Но так получилось, что вскоре пришел навестить нас мой отец Степан Васильевич, который очень любил собак и держал дома здоровенного рыжего короткошерстного кобеля, дворнягу Бобку, какие в то время чаще всего встречались на рынках в мясных рядах. Увидев нашего щенка, Степан Васильевич «влюбился» в него, но сказал: «Какой же это Гонзалес, кто это придумал? Это же Тютька!» и, к полному удовольствию мамы, увел его к себе. Тютька прожил у отца несколько лет в мире с Бобкой и под его защитой в собачьих драках, был очень умен и понятлив – «только что не разговаривает!», смеялся Степан Васильевич. Однажды во время обеда, в пылу разгоревшейся домашней ссоры с молодой женой и тещей, Степан Васильевич схватил со стола жареную курицу и швырнул ее на пол, а случившийся тут же Тютька моментально схватил нежданную добычу и исчез из комнаты; с тех пор, как только Тютька слышал разговоры на повышенных тонах с признаками возможной ссоры, он был тут как тут!

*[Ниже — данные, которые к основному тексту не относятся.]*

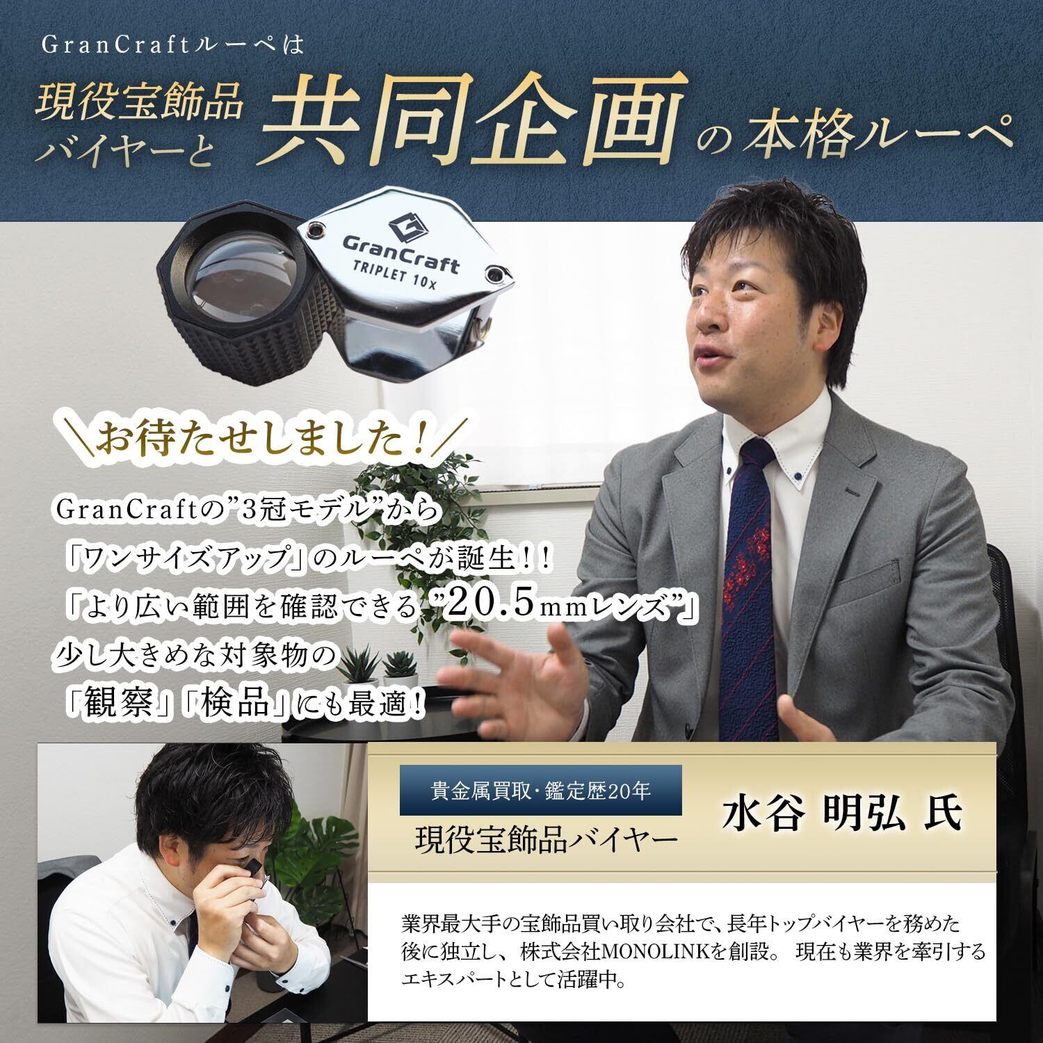 【プロ鑑定士と共同開発】 ルーペ GranCraft 【待望のワンサイズ大きめ 20.5mmレンズ】 観察 鑑定 検査 10倍 ジュエリールーペ 拡大鏡 【鑑定最適倍率x3重構造トリプレットレンズ】 【A9レンズ採用xリベット留めでゆるまない】
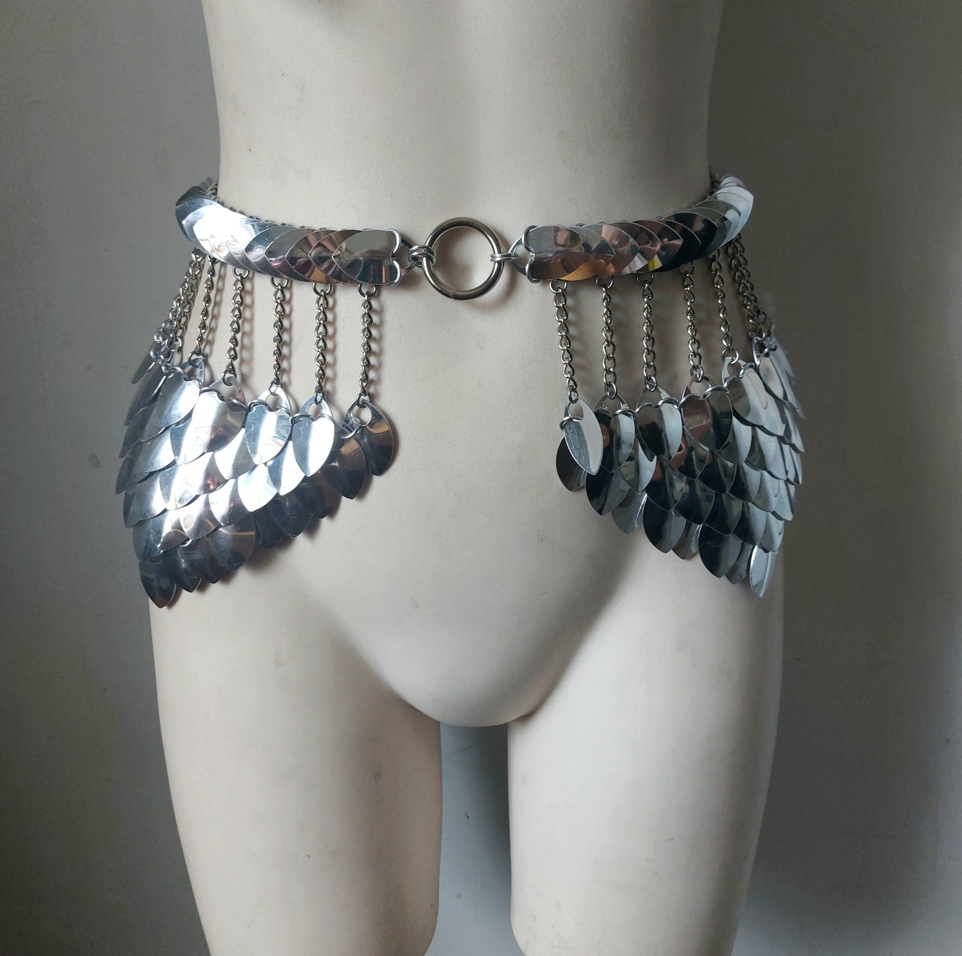 Constructed out of a combination of bright aluminum chainmail and scalemail. This style clips shut in the back & features a large 1.5" O-ring accent. The back is adjustable with a durable clip & aluminum chain.
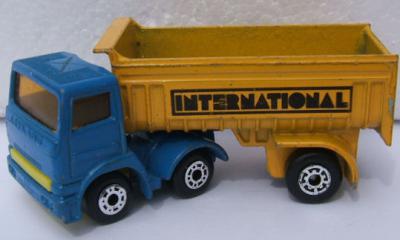 Body bright blue cab, yellow dump, with LEYLAND cast, with cast panel, INTERNATIONAL tampo
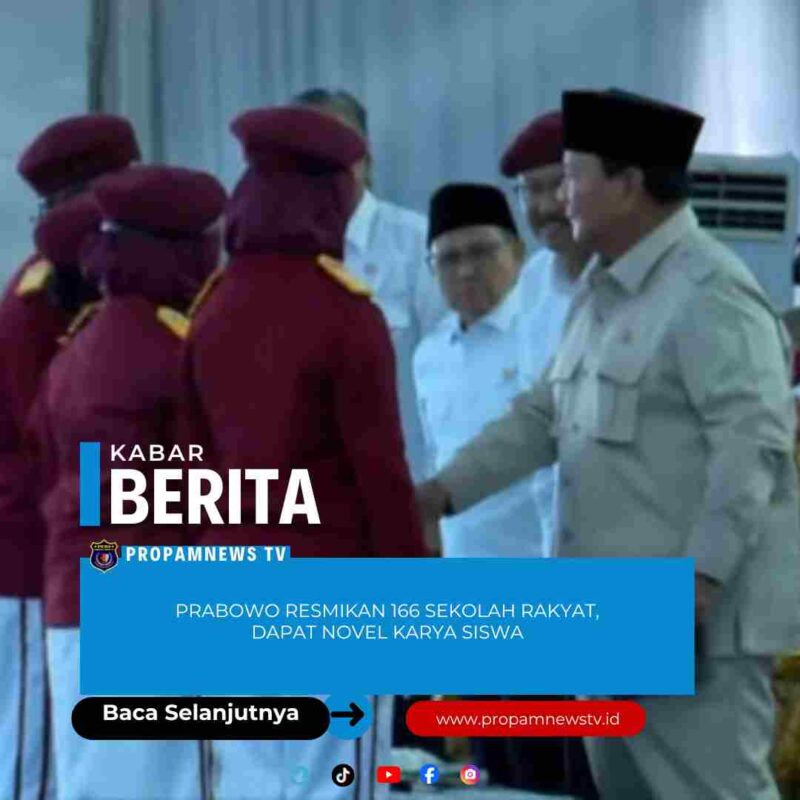 Jakarta, // PropamNewstv.id – Presiden Prabowo Subianto hari ini meresmikan 166 Sekolah Rakyat hari ini, Senin (12/1/2026). Peresmian ini berpusat di Sekolah Rakyat terpadu (SRT) 9 Banjarbaru yang ada di lingkungan Balai Besar Pendidikan dan Pelatihan Kesejahteraan Sosial (BBPPKS) di Banjarbaru, Kalimantan Selatan.
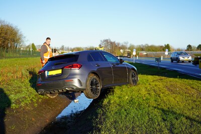 HULTEN - Het is vrijdagochtend erg glad op de Burgemeester Ballingsweg in Hulten. Nadat een strooiwagen van de weg gleed, is ook een andere auto de pineut.
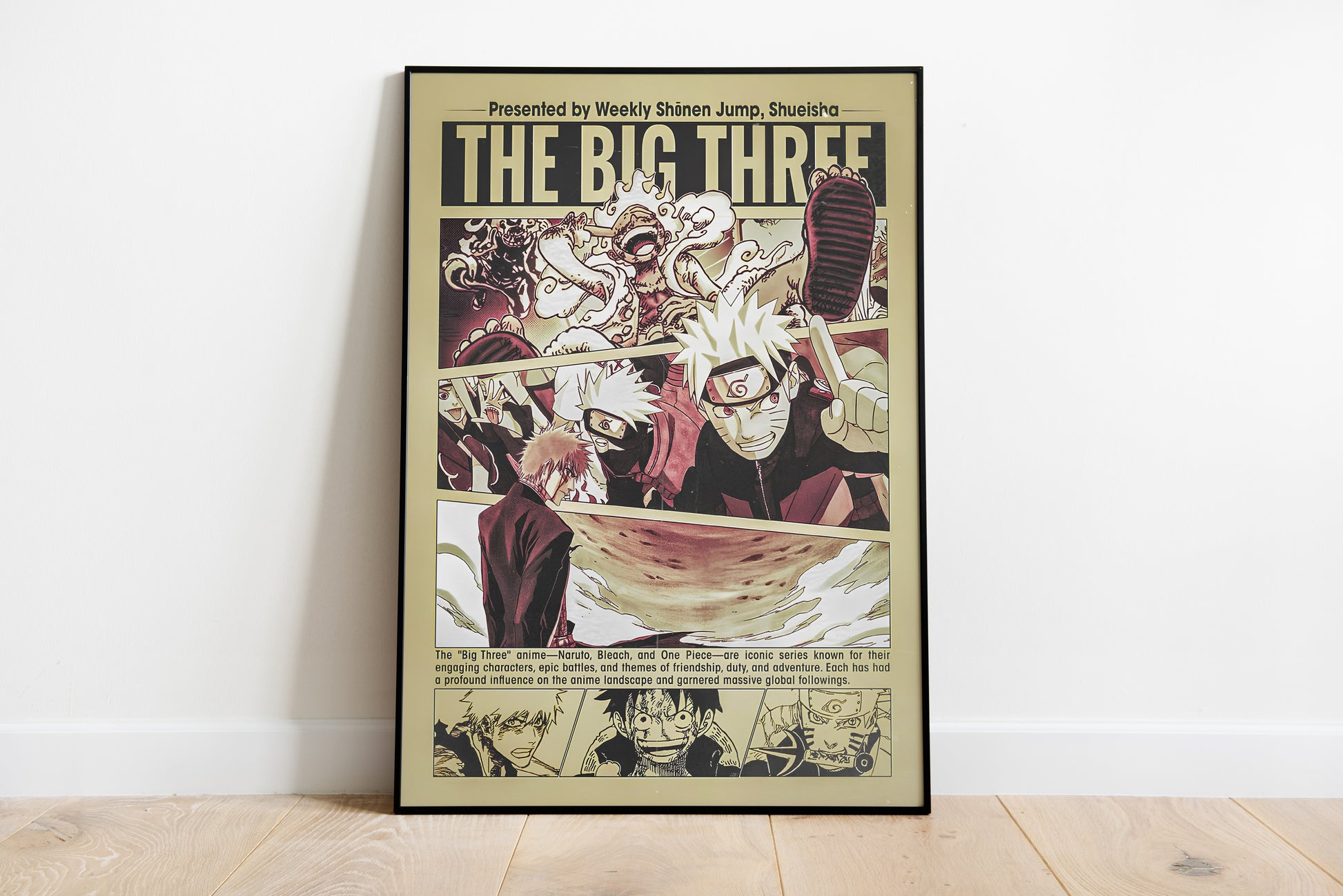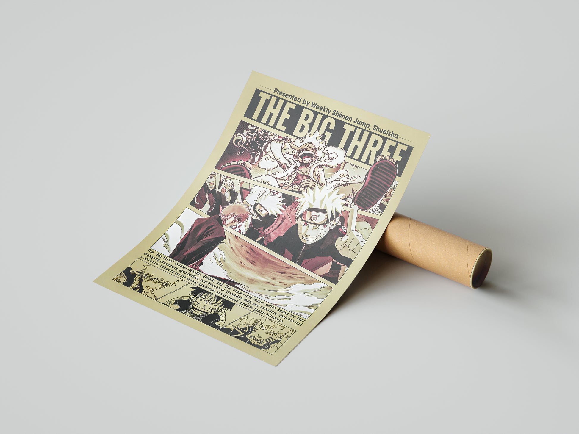 This poster features popular characters Naruto, Luffy, and Ichigo. A must-have for any fan, it showcases the impressive artwork and dynamic personalities of these beloved characters. Perfect for adding a touch of excitement and personality to any room.
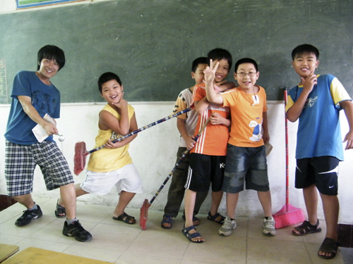接着,谭导师主持节目,小小的讲台成了一个创意无限的舞台。首先,班里颇受欢迎的小乐队自告奋勇献上一首《真心英雄》作为生日礼物。只见班长俊铭一手提帚当作吉他弹奏,令一手摹仿麦克风,深情演唱。有“小博士”之称的浩员在一旁手持歌词,身体跟着音乐的旋律轻轻摇动。有着动人歌喉的贤基在一旁哼唱着,高举着小手打着节拍。小寿星们站在一旁,高兴得手舞足蹈。
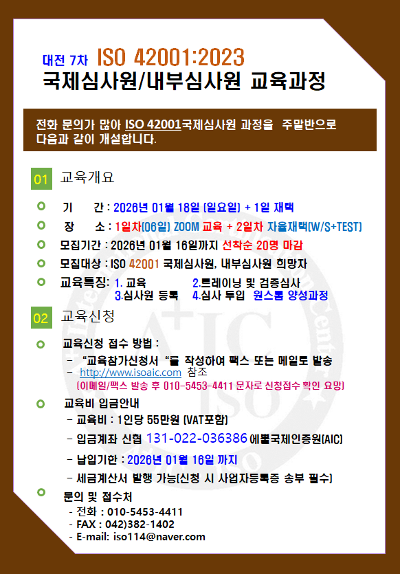 1. ±³À°¸í : ´ëÀü7Â÷ ÁÖ¸»¹Ý ISO 42001 ±¹Á¦¼±ÀÓ½É»ç¿ø °úÁ¤
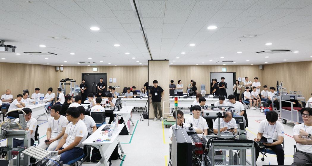 It was early in the morning of August 7th 2025, at the Digital Transformation Hub in Gyeonggi TechnoPark, and participants were busy at work, skillfully operating PLCs and monitors at their desks. This was the site of the 2025 MECA KOREA CUP, where participants work with factory automation (FA) devices and software to develop smart factory models.
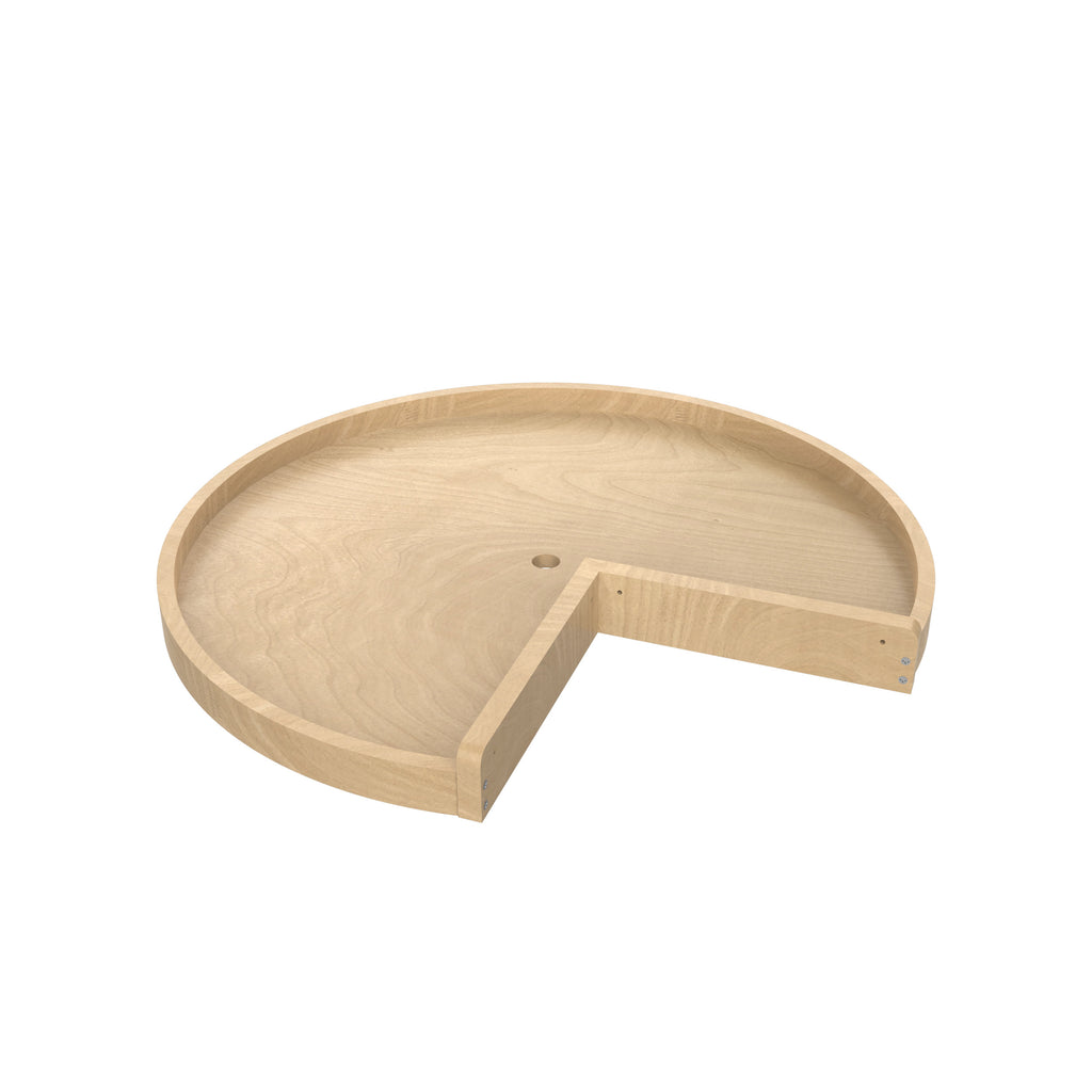If your kidney base cabinet is a useless void, then reclaim the space with the Rev-A-Shelf® Wood Classic kidney shape lazy susan. The single and double 24", 28", and 32" diameters options are available with bottom mount 10" aluminum bearing and Twist-n-Lock telescoping hardware options that feature chrome posts and hubs. The shelves with 1-5/8" high rims rotate independently for effortless access. Open your cabinet door, and with just a spin, you have complete access to everything stored within.. Included: (1) Wood Pie-Cut shelf
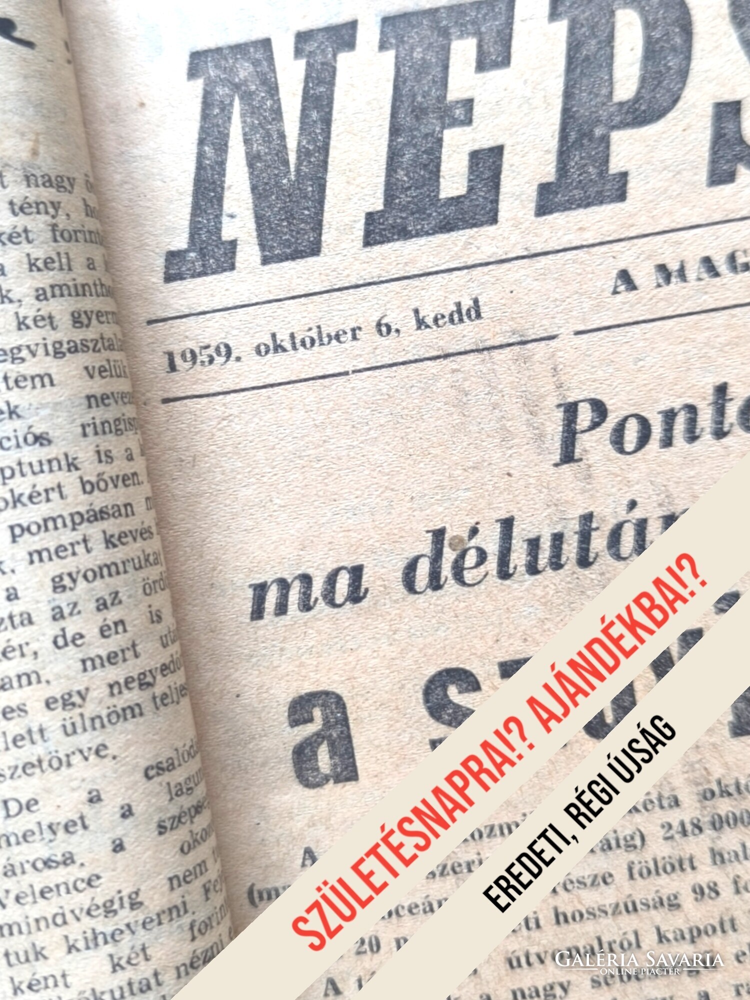 A Népszabadság 1959-es lapszáma a Kádár-korszak elejének jellegzetes sajtóterméke. Oldalain a bel- és külpolitikai hírek, pártközlemények, gazdasági beszámolók és társadalmi témák jelennek meg, a korszak hivatalos nyelvezetében. Egy ilyen napilap nemcsak hírlap, hanem hiteles kordokumentum: megmutatja, miről és hogyan tájékoztatták az embereket a mindennapokban.

Лет через восемь-десять нам удалось избавиться, вернее, почти избавиться от нашего кошачьего племени: мы отыскали женщину, которая собирала бездомных кошек, получая за это дотацию от общества охраны животных, и умолили ее взять наших «питомцев» к себе. Было это уже где-то в середине тридцатых годов. Но кошку Марину, которую за почтенный возраст уже стали называть просто Старухой, мама не отдала, оставила дома.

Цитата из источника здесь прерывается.